Glioblastomas are relentless, hard-to-treat, and often lethal brain
tumors. Yale scientists have enlisted a most unlikely ally in efforts to treat
this form of cancer — elements of the Ebola virus.
“The irony is that one of the world’s deadliest viruses may be useful in
treating one of the deadliest of brain cancers,” said Yale’s Anthony van den
Pol, professor of neurosurgery, who describes the Yale efforts Feb. 12 in the Journal
of Virology.
The approach
takes advantage of a weakness in most cancer tumors and also of an Ebola
defense against the immune system response to pathogens.
Unlike normal
cells, a large percentage of cancer cells lack the ability to generate an
innate immune response against invaders such as viruses.

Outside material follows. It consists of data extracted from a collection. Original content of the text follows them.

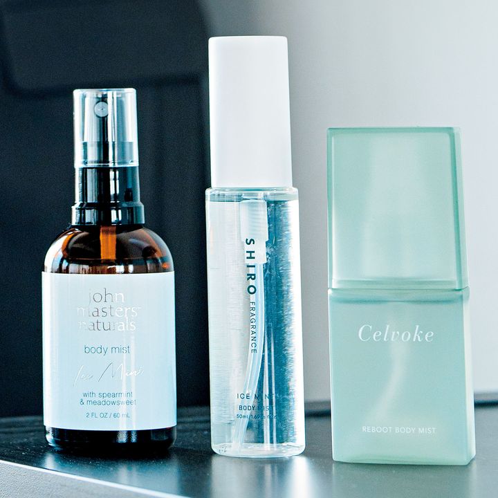 左から:ペパーミントや和ハッカなど自然由来の香り成分をブレンド。ひと吹きでクールダウン。S&Mボディミスト アイスミント 60ml ¥2,530※数量限定(ジョンマスターオーガニック)汗に反応して冷感がアップ。フレッシュな柑橘の香り。アイスミント ボディミスト 50ml ¥1,980(シロ)暑さをリセットしながら、森林浴のような香りでニオイもケア。Celvoke リブート ボディミスト N ドーンフォレスト 50ml ¥2,970※数量限定(ビープル)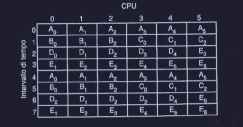 - ai membri della gang viene dato un intervallo di tempo per l’utilizzo delle CPU (come nel timesharing) ma con la regola del “tutti o niente” (space sharing)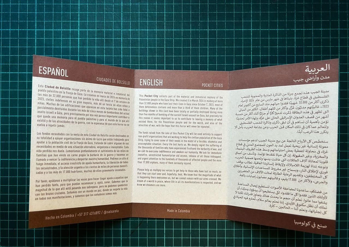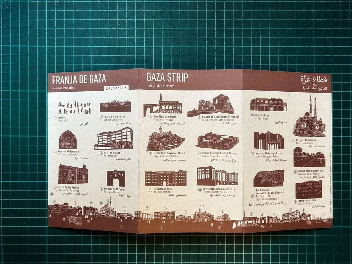 El diseño incluyó muchas siluetas de gazatíes con el propósito de representar que son los civiles quienes han sido los más afectados con el genocidio. Esta vez el equipo no pudo contactar con un local debido a la distancia cultural y por el idioma, pues es la primera vez que contemplan hacer una ciudad donde el árabe es el idioma origen. Tras la investigación, se procede con la ilustración y diseño, y posteriormente, el reto del idioma: “De las cosas más difíciles fue conseguir quien tradujera los textos al árabe pues realmente no conocíamos a nadie que lo hablase y nos parecía fundamental que estuviera en tres idiomas: español, inglés y árabe. Finalmente, un poeta refugiado egipcio Ahmad Mohsen nos ayudó, donó su trabajo y logramos hacer los folletos”.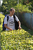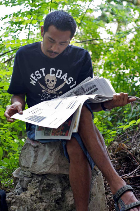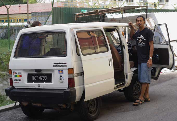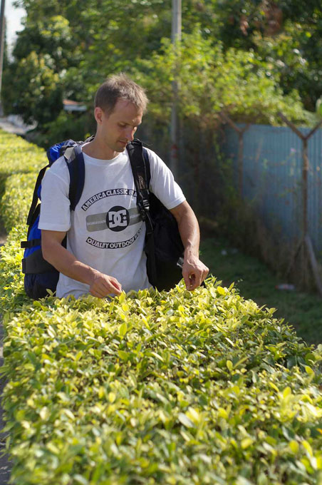 После того, как мы (НАКОНЕЦ-ТО) очень вкусно и сытно пообедали, первостепенным для нас стал вопрос о ночлеге. У тети Лизы удалось выяснить, что ни у нее, ни тем более на цементном заводе нам переночевать не удастся, что гостиницы есть в Kangar и в Arau и что куда-то туда вот-вот должен проехать автобус. Автобус и впрямь пришел минут через пять, после того как мы вышли из кафе и расположились на обочине. Вот только ехал автобус в Kangar, а нам туда ну никак не надо было, далеко. Поэтому, довезя нас до цементного завода, трубы которого мы полдня наблюдали при спуске с трасс, автобус поехал в другую сторону. И здесь к великому счастью мы узнали, о том что в окрестностях Bukit Keteri есть не только цементный завод и карьер, но и самое главное фабрика по производству органических удобрений. Удушливую вонь, распространяющуюся по округе от фабрики словами не передать. Я думал, сдохну. Пока Олег ловил такси, я в судорогах дергался на автобусной остановке. Проезжающие мимо машины останавливаться категорически не хотели, такси тоже видно не было. Примерно минут через двадцать мои страдания были вознаграждены. На другой стороне дороги, где Олег на ласковом южном солнышке ловил машину, я увидел остановившуюся малюсенькую машину, в которой сидели, !внимание!, четыре ангелоподобных создания в мусульманских хиджабах и платках. Ну, думаю, двух мужиков с рюкзаками они, даже если захотят, не разместят, в такую машинку даже непонятно, как они сами-то залезть вчетвером умудрились. Но не тут-то было: разместив наши рюкзаки в багажнике, дамы втроем уселись на заднем сиденье, куда, не растерявшись, тут же прыгнул Олег, мне досталось переднее сиденье. Каким наслажденьем было вдыхать очищенный кондиционером воздух. Правда, я тут же вспомнил, что провел в поезде всю ночь, потом пол дня лазил, поэтому старался сидеть, не шевелясь, вызывая тем самым улыбки у наших спутниц. Проезжая мимо дворца султана, Олег произвел неопределенный жест рукой в сторону ворот. Шариатским судом жест был расценен как оскорбительный, и Олега до вечера отправили на плантации собирать чай.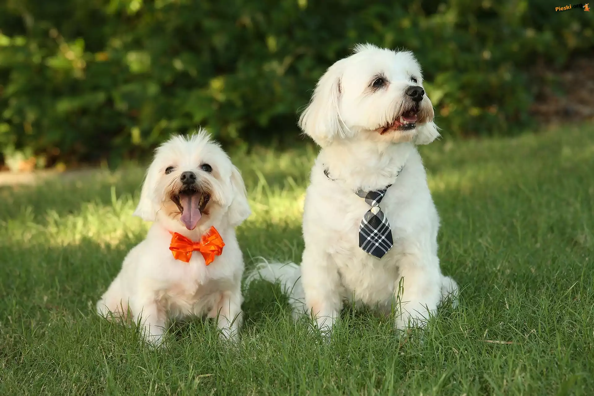 Łąka, Urocze, Dwa, Maltańczyki, Drzewa, Pieski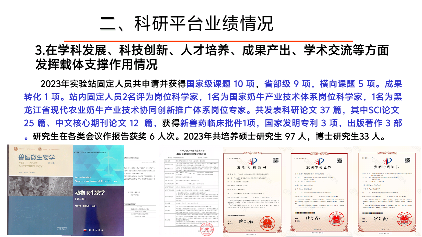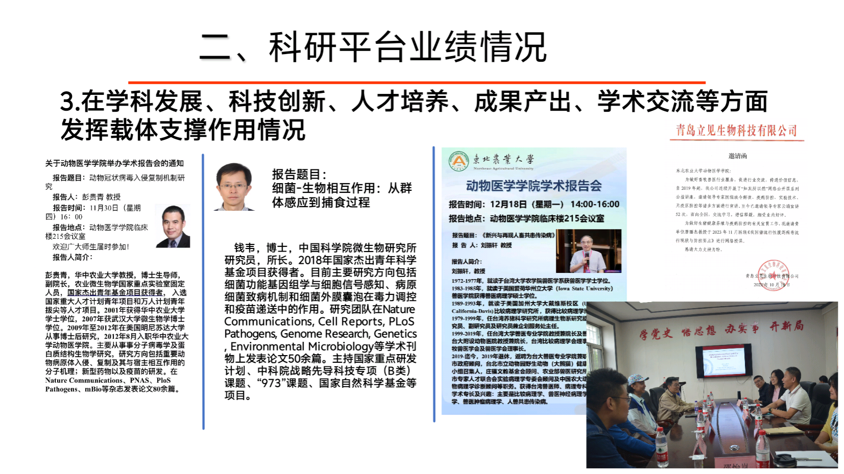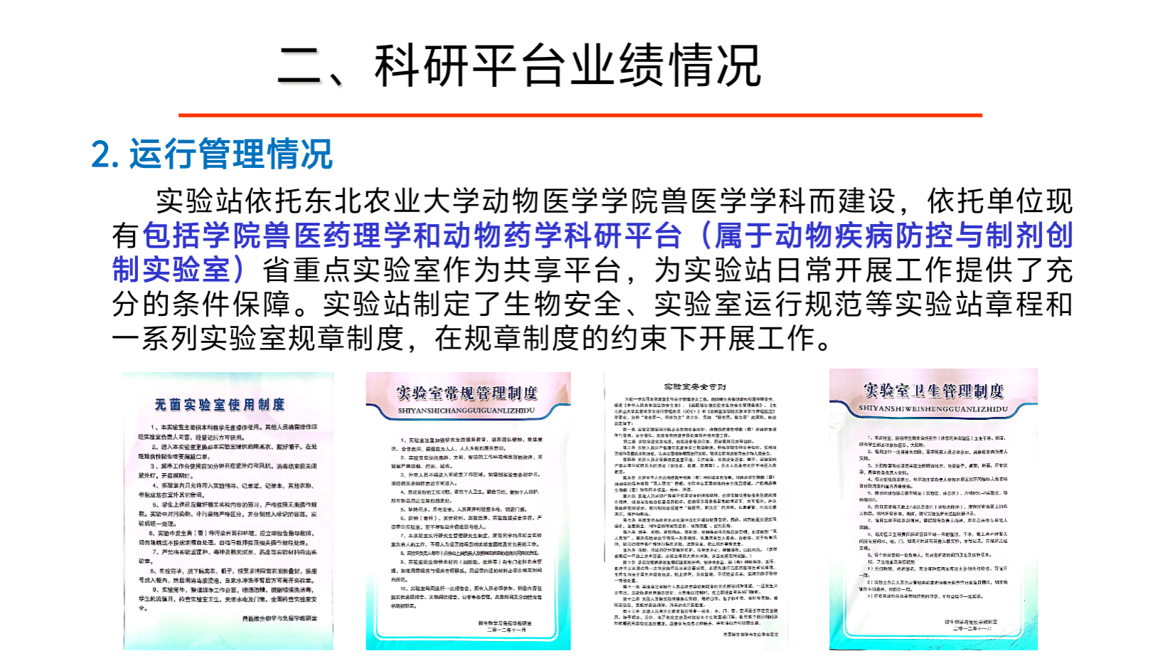 农业农村部动物疫病病原生物学学科群东北科学观测实验站于2016年获农业农村部批准,依托bw必威西汉姆联基础兽医学国家重点学科、临床兽医学国家重点(培育)学科和预防兽医学省重点学科建立。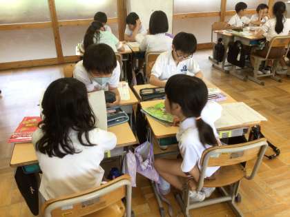 物語の山場(クライマックス)を学習したので、自分なりの物語を作ってグループ発表していました。

This has led cancer
researchers to explore the use of viruses to combat a variety of cancers.
Using viruses
carries an obvious risk — they can introduce potentially dangerous infections.
To get around this problem, scientists, including van den Pol, have
experimented with creating or testing chimeric viruses, or a combination of
genes from multiple viruses. They have the ability to target cancer cells
without harming patients.
One of the seven
genes of the Ebola virus that helps it avoid an immune system response also
contributes to its lethality. This intrigued van den Pol.
He and the
study’s first author, Xue Zhang, also of Yale, used a chimeric virus containing
one of gene from the Ebola virus — a glycoprotein with a mucin-line domain
(MLD). In wild-type Ebola virus, the MLD plays a role in hiding Ebola from the
immune system. They injected this chimeric virus into the brains of mice with
glioblastoma — and found that the MLD helped selectively target and kill deadly
glioblastoma brain tumors.
(The team worked
with the MLD glycoprotein, not with the full Ebola virus.)
Van den Pol said
MLD’s beneficial effect appears to be that it protects normal cells from
infection — but not cancer cells, which lack the ability to mount an immune
response to pathogens.
A key factor may
be that the virus with the glycoprotein MLD replicates less rapidly,
potentially making it safer than viruses without the MLD part of the
glycoprotein, he said.
In theory, such
a virus might be used in conjunction with surgery to eliminate glioblastoma
tumors and help prevent a recurrence of cancer, he said.